Maness hopped in bed with Reid, with Landrieu the approving voyeur, because one of the twin pillars of this campaign is that, despite Cassidy having a very conservative voting record in the House, that Cassidy isn’t conservative enough (the other critique being Cassidy, like Landrieu, is too Washington, D.C. politician, not Louisiana enough, even though Maness has hardly lived any time in Louisiana and worked for the federal government, completed now with generous pension, most of his adult life). But when Cassidy complains that Reid is such a dictator that government enslaves free people, this concisely captures a conservative brief against liberal Democrats like Reid and Landrieu – that they support oppressive big government at the expense of the liberty of the people.



Do not think that Maness (who once already used this gambit, last year) deigns to be upset over this in solidarity with ethnic studies departments everywhere in academia, but rather he feigns upset because it spoils his narrative about Cassidy not being conservative enough. The remark will make some conservatives who think Cassidy is too soft of a conservative to think again, not because they want to repeal the Civil War Amendments, but because this presents to them a Cassidy that is unafraid to tackle the totalitarian impulse in liberalism that has infected Democrats.



Because in this instance it's not about trying to demonstrate Landrieu's unsuitability for office but to tear down Cassidy instead, Maness fought back in the only way he knew how. Which to the attentive political right – the ones who will get asked who they recommend should be voted for by the much larger subset of voters who are inattentive of the Senate 71 out of every 72 months – only signals he is to be taken as seriously as the Al Sharptons of the world.
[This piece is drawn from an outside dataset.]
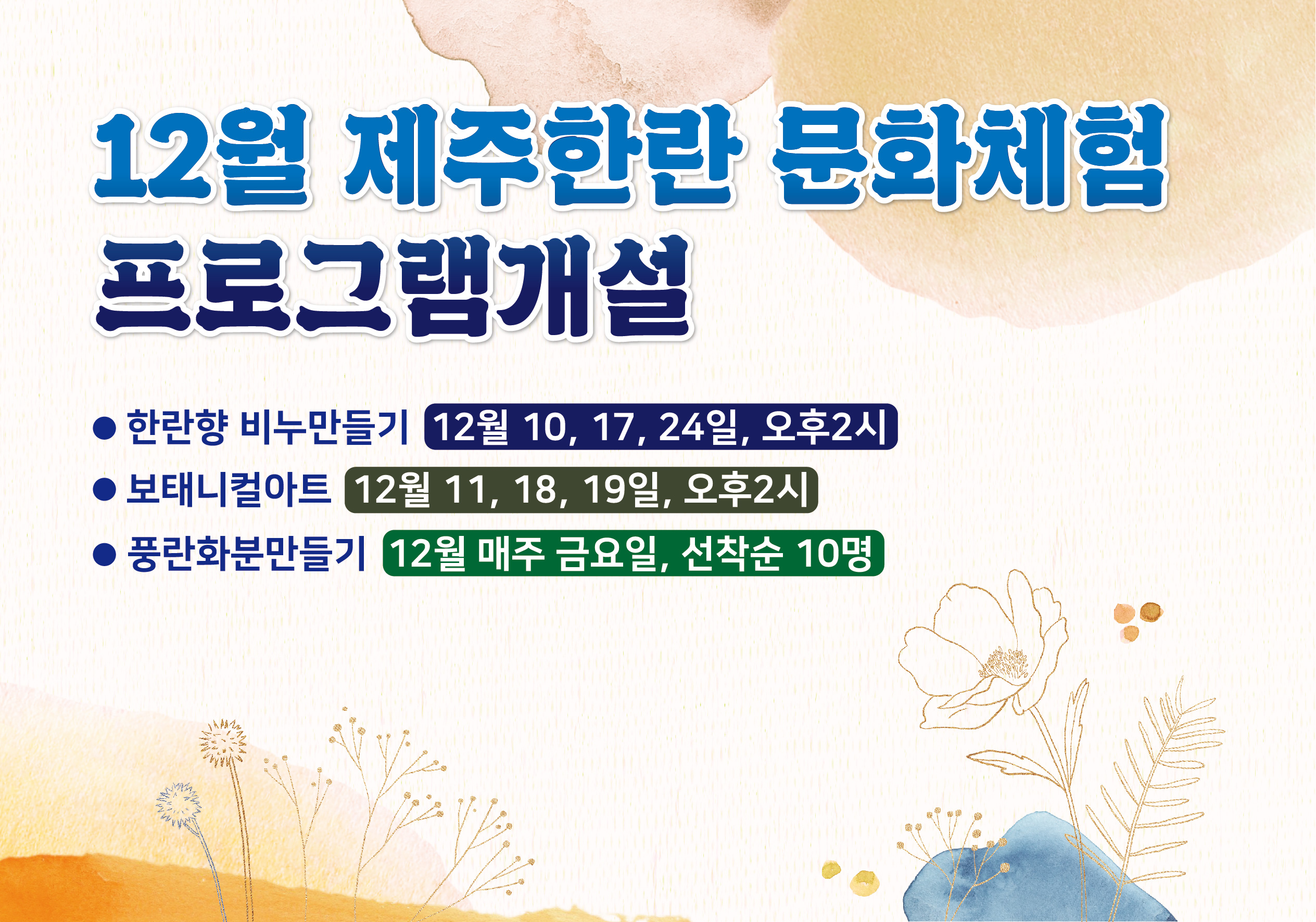 * 한란천연비누만들기 체험(12월 10, 17, 24일), 14~16시, 선착순 30명

Meaning this episode reaffirms that he isn’t Senate material and it will not affect Cassidy’s frontrunner status.

1 comment:

  1. So now a Louisiana conservative presumes to lecture the world on race matters? The issue is not whether this leader or that leader said something touchy about race, the issue is that Louisiana is one of the most segregated, most racially unequal, and most disgracefully backwards on race relations. Mention the American South anywhere in the world and one of the first thing that people think of is the hideous racism is persists because of antiquated conservatives amped up on self-righteous perversions of religion and economics. Not that you would ever get any thoughtful commentary on this from Jeff Sadow. The piercing whine emanating from Shreveport is pathetic.